My charger unit blew and took the control panel with it - this left me with hook up power all totally on (had to remove the aux light bulb in the roof). Off hook up I was left with nothing but have been told could have lost everything totally. My question is could Sargent supply a modification loom and manual control unit so if in the event all does fail we can plug in and bye pass the system to get over the problem until able to return to our dealers. I would pay for one for peace of mind due to not trusting high tech total control. I would like to also add that Kath from Swift does try to help owners and does respond to us. Also my new found dealer at Cannock (Discover) are a pleasure to deal with - Sally & Steve have contacted me more times in three weeks than my selling dealer did in 18 months and are making more headway - mind you they were the old Brownhills (What makes the MBO different ? Nothing and they proved it to me - idiots)


----------



## SwiftGroup (Jun 27, 2007)

*Control panel*

Richard

We will look into it and come back to you.

Regards
Kath


----------



## GerryD (Sep 20, 2007)

Kath,
I don't now have a Swift product but am getting more impressed. 7:38 Sunday morning and now 10:59 Tuesday night and you are still monitoring and offering support. I doubt whether there is any other manufacturer anywhere that has put the effort into support that you guys currently offer.
Gerry


----------



## some-where-in-oxford (Apr 18, 2006)

GerryD said:


> Kath,
> I don't now have a Swift product but am getting more impressed. 7:38 Sunday morning and now 10:59 Tuesday night and you are still monitoring and offering support. I doubt whether there is any other manufacturer anywhere that has put the effort into support that you guys currently offer.
> Gerry


I have had four Swift motorhomes in a row. Swift have always been available for help and advice. Once involved they get things sorted, if dealers do not get back to Swift when things go wrong Swift cannot help.

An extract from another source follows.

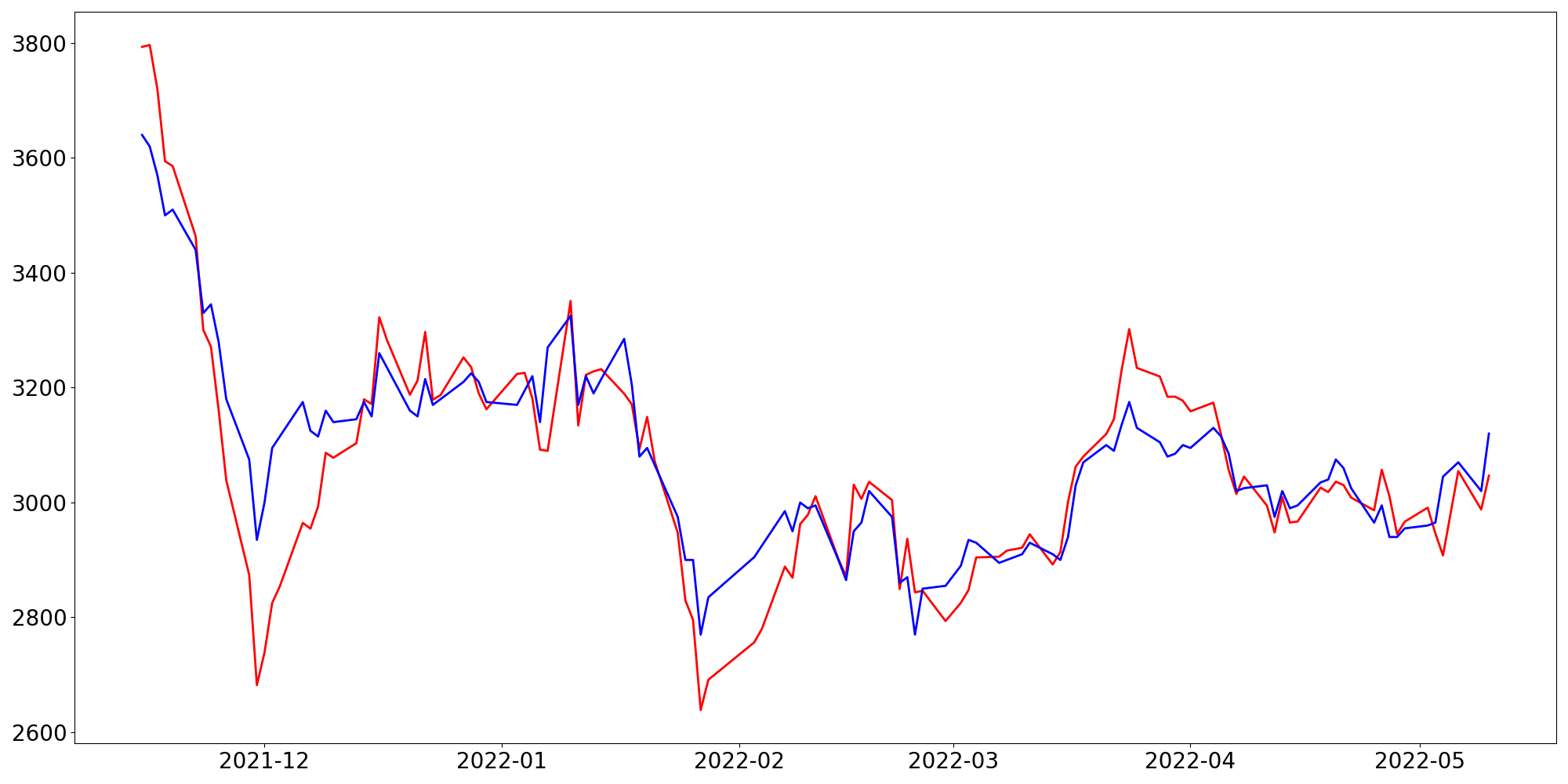 [ - : 실제값(종가) / - : 예측값(종가) ]
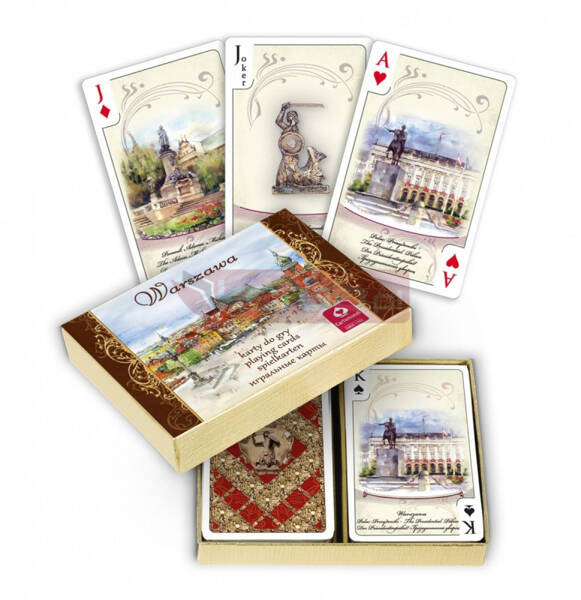 Komplet dwóch talii 55 listków zapakowane w eleganckie pudełko, doskonały pomysł na prezent, souvenir z Warszawy.

It just needs the dealers now to follow Swift's example, some drag their feet when you have problems. Many problems could be solved with proper PDI.

Swift's presence on here has done so much to restore peoples faith in motorhoming. But PLEASE we need more dealers to show a presence, they need to show us they care as well.


----------



## Sargent (Feb 1, 2008)

*Charger Blown*

Hi Richards,

Unfortunately this is the first we have heard of this fault with your van. I presume we will get a call from the dealer involved (Discover Cannock). If there are any other details regarding this fault please do PM me or call me direct on 01482 678981 and I will try to resolve this for you as quickly as possible.

Best Regards

Karl Hulse
Sargent Electrical Services Ltd.


----------



## 112036 (May 8, 2008)

*Swift and Sargent -both SWIFT*

I do think this site is excellent and the fact that manufacturers use it aswell is showing us all they do care ! I must agree that if your dealer does nothing then the manufacturer cannot act,now I know why Swift did not help me with my problems from day one - Brownhills !! no communications and would imagine alot of my faults are dealer made. Can only praise the quick response to my recent post and hope the remidy is as quick. Sargent can contact Discover to further the initial fault but what about a bye pass system ?? Is it possible?? Thank you Kath I know you are on the case and I am not chasing you.


----------



## SwiftGroup (Jun 27, 2007)

*Re: Swift and Sargent -both SWIFT*



Richards said:


> I do think this site is excellent and the fact that manufacturers use it aswell is showing us all they do care ! I must agree that if your dealer does nothing then the manufacturer cannot act,now I know why Swift did not help me with my problems from day one - Brownhills !! no communications and would imagine alot of my faults are dealer made. Can only praise the quick response to my recent post and hope the remidy is as quick. Sargent can contact Discover to further the initial fault but what about a bye pass system ?? Is it possible?? Thank you Kath I know you are on the case and I am not chasing you.


You will see in our new 09 product that we have been listening thankyou.Peter.


----------



## 112036 (May 8, 2008)

*Peter from Swift - 09 Product*

Hi Peter - so what is the look at 09 product we are listening supposed to mean to a poor E795 owner from the dark ages supposed to mean ?


----------